* **YOUR TASK**:
Leaving out every picture, copy the lines of the data exactly, from the first through the line containing "Der Ring hat".

[Items from a data source]
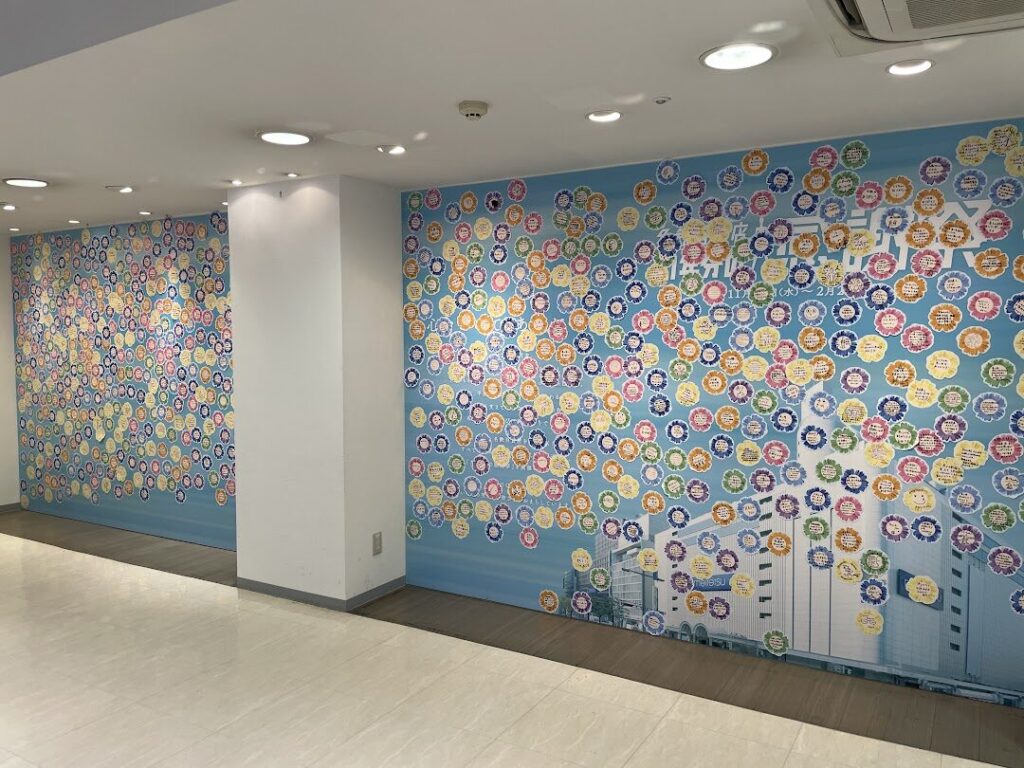 会場通路には、名鉄百貨店への感謝を伝えるメッセージボードも設置。花の形のカードとペンが備え付けられており、これまでの感謝の気持ちをメッセージに込めて贈ることができます。既にたくさんのメッセージが張られ、一面花盛りです。
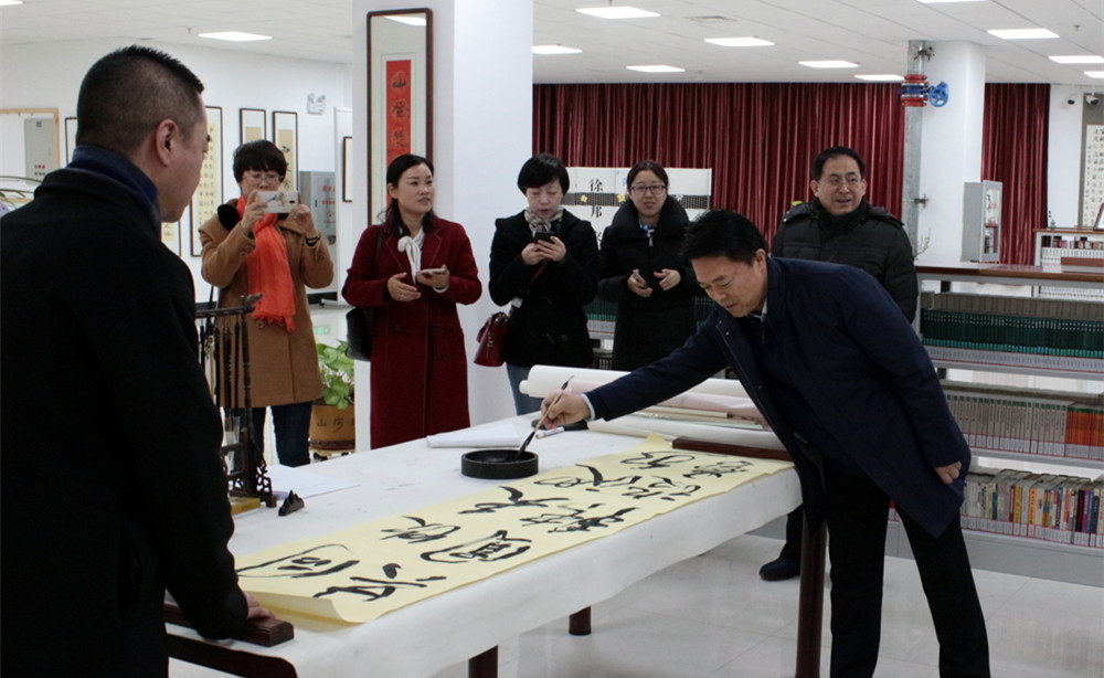 訪問團(tuán)一行首先參觀了我院圖書館,充分感受了我院省級(jí)“書香大學(xué)示范基地”建設(shè)的成果。在圖書館四樓邦家書藝苑,訪問團(tuán)一行受到了學(xué)院董事陳洪秋女士和我院特聘教授徐邦家先生的親切接見,各位領(lǐng)導(dǎo)與訪問團(tuán)親切合影留念。李健書記即興為我院留下墨寶,寫下“同飲天池水、共圓轉(zhuǎn)設(shè)夢”的美好祝愿。訪問團(tuán)在圖書館參觀期間,陳茜館長全程陪同接待。
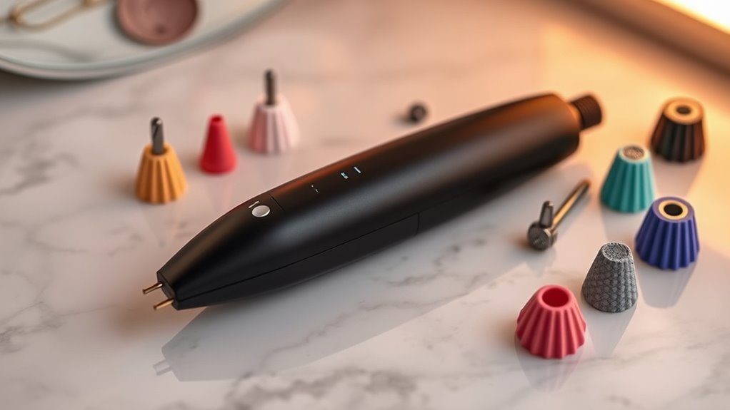 Choosing the right rechargeable electric nail file hinges on its compatibility with standard drill bits, typically 3/32-inch shank size, which guarantees you can use a wide range of attachments. Make sure the device includes various drill bits and sanding bands suitable for shaping, polishing, and cuticle removal. It’s also essential to verify that replacement accessories are easy to find and compatible with your model to ensure long-term usability. Look for a twist-lock or quick-change system, which makes swapping bits simple and secure during your manicure or pedicure. Additionally, consider the variety of included accessories, such as carbide, ceramic, or diamond bits, to match your specific needs. Compatibility and a good selection of accessories streamline your routine and enhance your overall nail care experience.
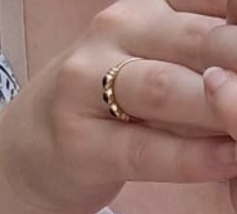 Der Ring hat drei schwarz-rote Steine und keine Gravur.
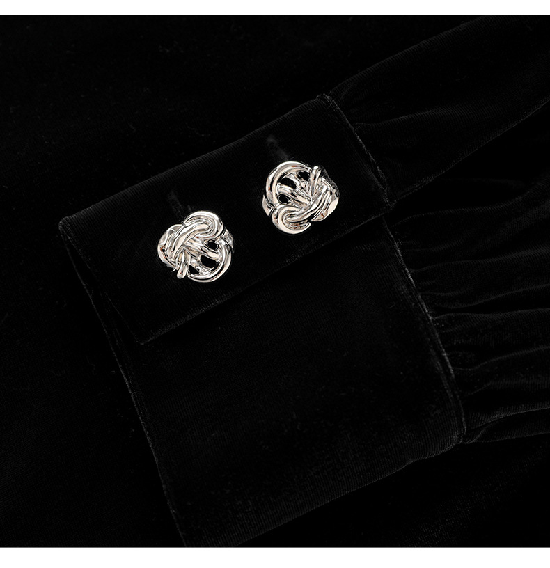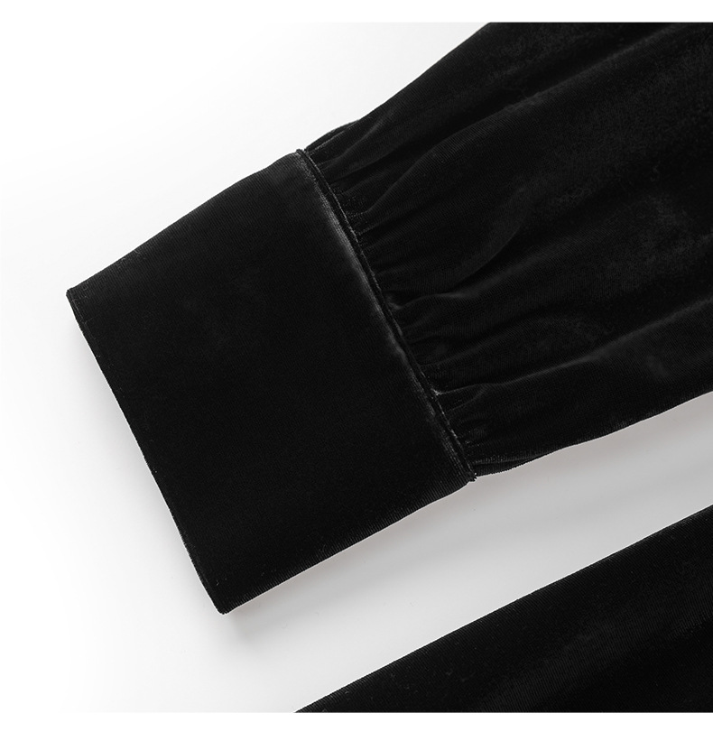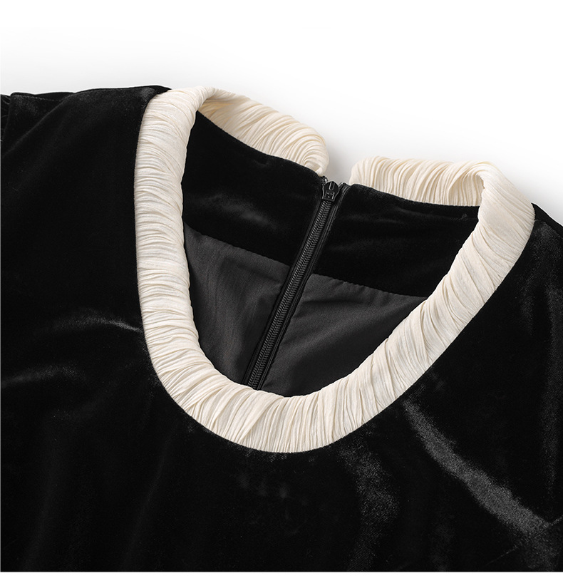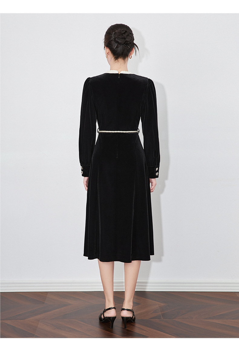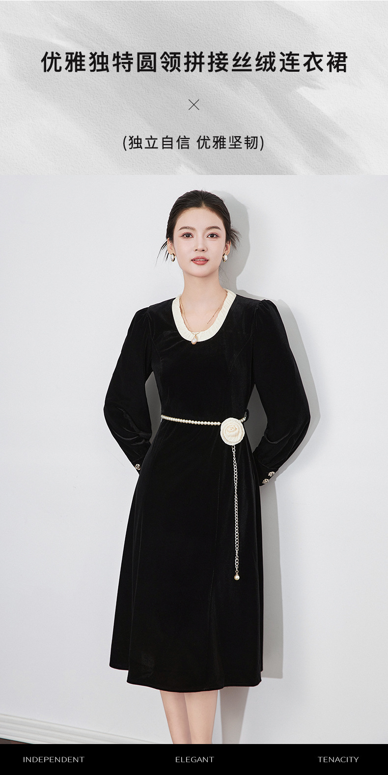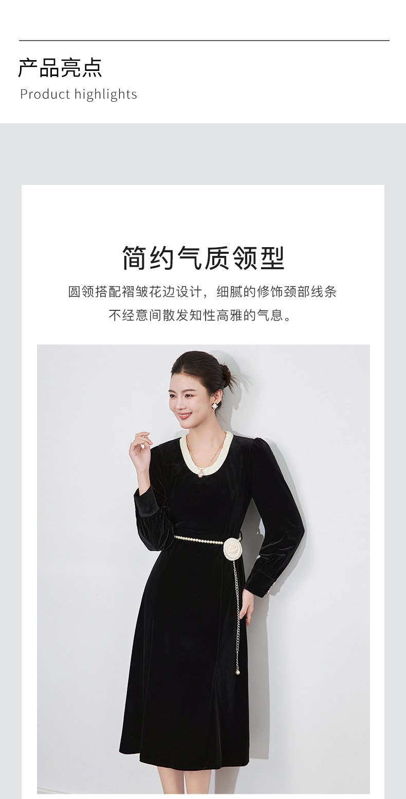 【高货wl】全新升级【铂金会员358/天猫479/差价121】(22055) 洛诗琳秋冬款法式优雅撞色褶皱珍珠腰带丝绒收腰连衣裙
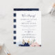 Cette invitation de réception de mariage intime florale nautique moderne est parfaite pour une croisière ou une fête post-mariage sur la plage. Le design fantaisiste présente des fleurs aquarelles rose blush et bleu marine avec des accents d'étoiles de mer dorées, lui donnant une ambiance balnéaire. Les cartes de RSVP sont vendues séparément, ou vous pouvez ajouter les informations de RSVP au verso de la carte.
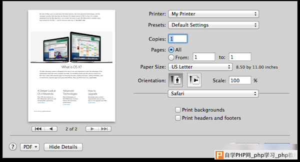 Mac怎么打印文件?设置打印机之后,用户到底该怎么打印文件呢?又怎么利用mac打印pdf文件呢?其实很很简单,您只需从可以打印的任何 app 中选取“文件”>“打印”。您还可以按 ⌘P (Command-P) 快捷键。打印文稿时,OS X 会显示打印表单,您可以从中为打印作业设置其他选项。下面就和脚本之家小编一起来看看Mac打印文件的详细教程吧。 基本打印表单提供以下选项: 从“打印机”弹出式菜单中选取目标打印机。如果未看到自己的打印机,请从此菜单中选取“添加打印机”。 从“预置”菜单中选取打印作业适用的打印机预置。预置是打印机功能选项的预先配置组合。 在“份数”字段中输入打印机应打印的份数。 通过“页面”字段选择您要打印的页面,包括打印单个页面、所有页面或具体范围的页面。 打印表单还包括打印作业的预览(如果 app 支持此功能)。打印前,在预览模式下使用箭头查看打印作业的每个页面。 点按打印表单左下角的“帮助”按钮 (?) 可查看有关打印的更多信息。 使用 PDF 按钮可创建 PDF 版的打印件,而不是物理打印。按住该按钮可查看带有其他选项的菜单。 点按取消即退出打印表单,而不要打印。 点按“打印”即表示接受您当前的打印设置,并将您的文稿发送到打印机。点按后,您的打印作业会立即出现在打印机队列中。 点按“显示详细信息”按钮可以就如何处理您的打印件进行更多操控。 除了标准打印表单中显示的详细信息外,“详细信息”表单还提供以下选项: 选取“纸张大小”菜单以根据打印输出的大小来匹配打印机中的纸张。您也可以在此处创建并管理自定纸张大小。 通过“方向”按钮,您可以选取纵向或横向输出。 通过更改“缩放比例”字段中的值来调整打印输出内容的大小。打印预览会根据您所做的缩放更改进行相应的改变。 “应用软件和打印机设置”菜单的内容取决于使用的打印机和应用软件。显示在此菜单中的与打印机有关的特定功能 使用“预置”菜单中的“存储预置”选项来保存您当前的设置,这样您可以轻松地将它们应用到将来的打印作业。 点按“隐藏详细信息”可将打印表单恢复为较短的标准视图。 提示:您的图像不需要大于每英寸 360 点 (dpi)。尝试打印大于该分辨率的图像需要的打印时间较长,在启动驱动器上使用的空间也较多,而打印质量没有任何明显变化。 其他打印选项 您还可以管理您的打印作业,并直接打印到 PDF 文件(而不是打印机)。点按下面的任一主题以了解更多信息。 生成和管理 PDF 以 PDF 格式预览打印作业或将其存储为 PDF 文件(带元数据)。 点按任意打印机表单中的“PDF ▾”按钮,即会显示 PDF 工作流菜单,其下拉菜单中包含下列选项: “在‘预览’中打开 PDF”– 生成打印作业的 PDF 文件并在应用软件“预览”中将其打开。 “存储为 PDF...”– 创建打印作业的 PDF 文件并存储到所选目标位置,并可向 PDF 添加元数据(标题、作者、主题和关键词)。当您使用 Spotlight 时,元数据很有用。 需要密码才能打开文稿 需要密码才能拷贝文本、图像和其他内容 需要密码才能打印文稿 点按“安全性选项”会打开“PDF 安全性选项”对话框,其中提供以下选项: “存储为 PostScript...”– 生成打印作业的 PostScript 文件并存储到所选目标位置。 “传真 PDF”– 生成打印作业的 PDF 文件并将其发送到传真设备以进行传送。注:需要与 OS X Mountain Lion 或 OS X Lion 兼容的第三方传真设备。 “邮寄 PDF”– 将生成的打印作业 PDF 文件附加到新建的电子邮件文稿中。添加电子邮件收件人并进行发送。 “将 PDF 存储至 Web Receipts 文件夹”– 将生成的打印作业 PDF 文件存储到“~/文稿/Web Receipts”文件夹。 “编辑菜单...”– 添加/删除打印工作流。请查看 Automator 了解有关如何创建新打印工作流的信息。 管理打印机队列和打印机 Dock 图标 打印作业开始后将立即显示打印机 Dock 图标。点按打印机 Dock 图标以打开打印机队列,打印机队列是正在打印、等待中或已暂停的打印作业列表。打印队列还将显示来自打印机的信息;例如,“打印机现尚未连接”。 按住 Control 键的同时点按该图标将显示打印机队列的 Dock 菜单,如图所示。 打印机队列图标上的标签包括: 带数字的红色标签表示打印机队列中的打印作业数量,以上示例表示存在两个打印作业。 带暂停符号的绿色标签表示打印机队列已暂停,如上所示。注:打印机队列恢复后将不再显示绿色图标。 带闪电图标的黄色标签表示打印机出现问题;例如,打印机当前未连接到 Mac。 您也可从“系统偏好设置”的“打印与扫描”面板中打开打印队列。以下是打印队列示例: 从打印队列中,您可以执行以下操作: 删除 – 删除打印作业 暂停/继续 – 暂停或继续打印作业 作业信息 – 点按以查看打印作业的打印机选项 暂停/继续 – 暂停或继续打印机队列 耗材余量 – 点按以查看打印机的耗材余量;选项因打印机型号不同而异 打印机设置 – 点按以查看打印机队列命名选项和其他选项;这些选项取决于打印机型号 打印机/扫描仪 – 连接到“多功能打印机”时显示。在两个按钮间切换可从“打印机队列”切换到“扫描仪工具”。请参阅此文章了解扫描详细信息。 提示:点按某个打印作业以将其高亮显示,然后按下空格键以“快速查看”打印作业;或者,点按作业名称
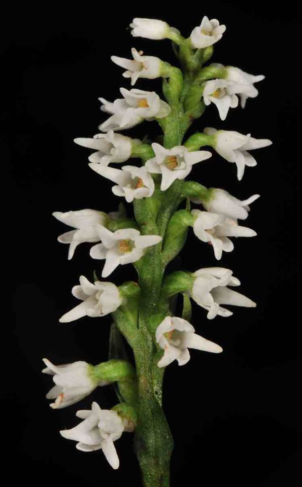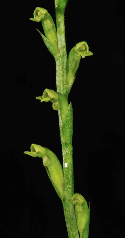 Found in the Chinese Himalayas, eastern Himalayas, Nepal, Myanmar and Thailand on moist alpine slopes and in rhododendron forests in shade at elevations around 2700 to 3660 meters as a miniature to small sized, cold growing terrestrial with a cylindric-fusiform, pubescent tuber giving rise to an erect, slender stem with subbasal, bracteate leaves becoming ebracteate above and linear-lanceolate, acute stem bracts and carrying a single, oblong to oblong-elliptic, subacute, sessile leaf that blooms in the late spring and summer on a glabrous, 1.4 to 3.6" [3.5 to 9 cm] long, laxly 7 to 12 flowered inflorescence with lanceolate, subacute to obtuse floral bracts.
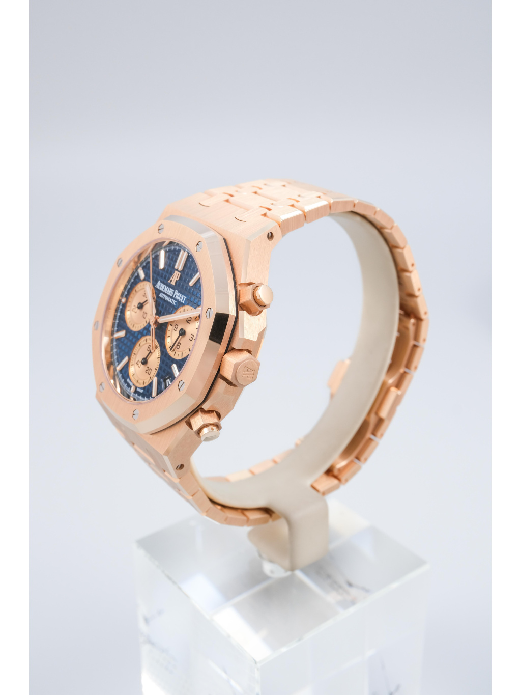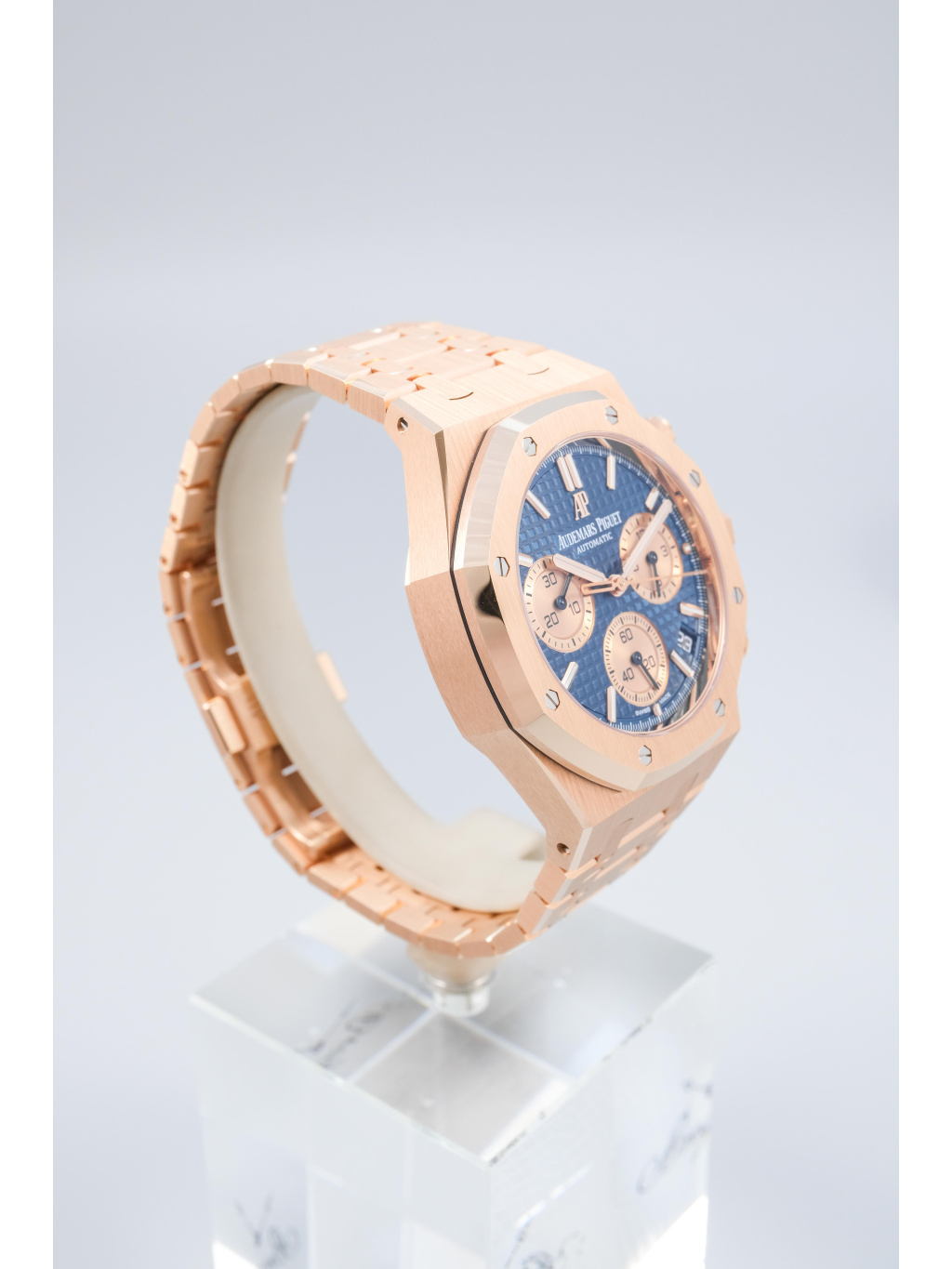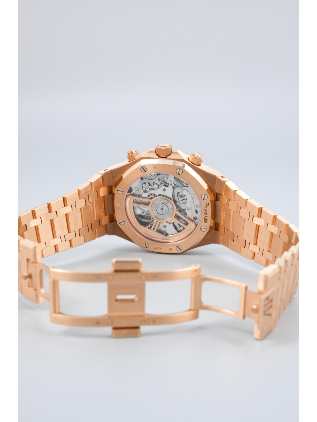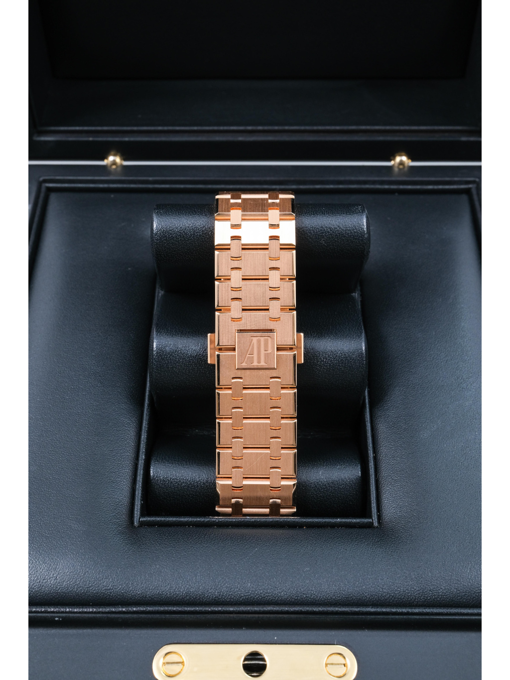 Model je nasazen na integrovaném náramku z růžového zlata, který dokonale splývá s pouzdrem a podtrhuje ikonický design Royal Oak.

* **TASK SOLUTION**:
 会場通路には、名鉄百貨店への感謝を伝えるメッセージボードも設置。花の形のカードとペンが備え付けられており、これまでの感謝の気持ちをメッセージに込めて贈ることができます。既にたくさんのメッセージが張られ、一面花盛りです。
 訪問團(tuán)一行首先參觀了我院圖書館,充分感受了我院省級(jí)“書香大學(xué)示范基地”建設(shè)的成果。在圖書館四樓邦家書藝苑,訪問團(tuán)一行受到了學(xué)院董事陳洪秋女士和我院特聘教授徐邦家先生的親切接見,各位領(lǐng)導(dǎo)與訪問團(tuán)親切合影留念。李健書記即興為我院留下墨寶,寫下“同飲天池水、共圓轉(zhuǎn)設(shè)夢”的美好祝愿。訪問團(tuán)在圖書館參觀期間,陳茜館長全程陪同接待。
 Choosing the right rechargeable electric nail file hinges on its compatibility with standard drill bits, typically 3/32-inch shank size, which guarantees you can use a wide range of attachments. Make sure the device includes various drill bits and sanding bands suitable for shaping, polishing, and cuticle removal. It’s also essential to verify that replacement accessories are easy to find and compatible with your model to ensure long-term usability. Look for a twist-lock or quick-change system, which makes swapping bits simple and secure during your manicure or pedicure. Additionally, consider the variety of included accessories, such as carbide, ceramic, or diamond bits, to match your specific needs. Compatibility and a good selection of accessories streamline your routine and enhance your overall nail care experience.
 Der Ring hat drei schwarz-rote Steine und keine Gravur.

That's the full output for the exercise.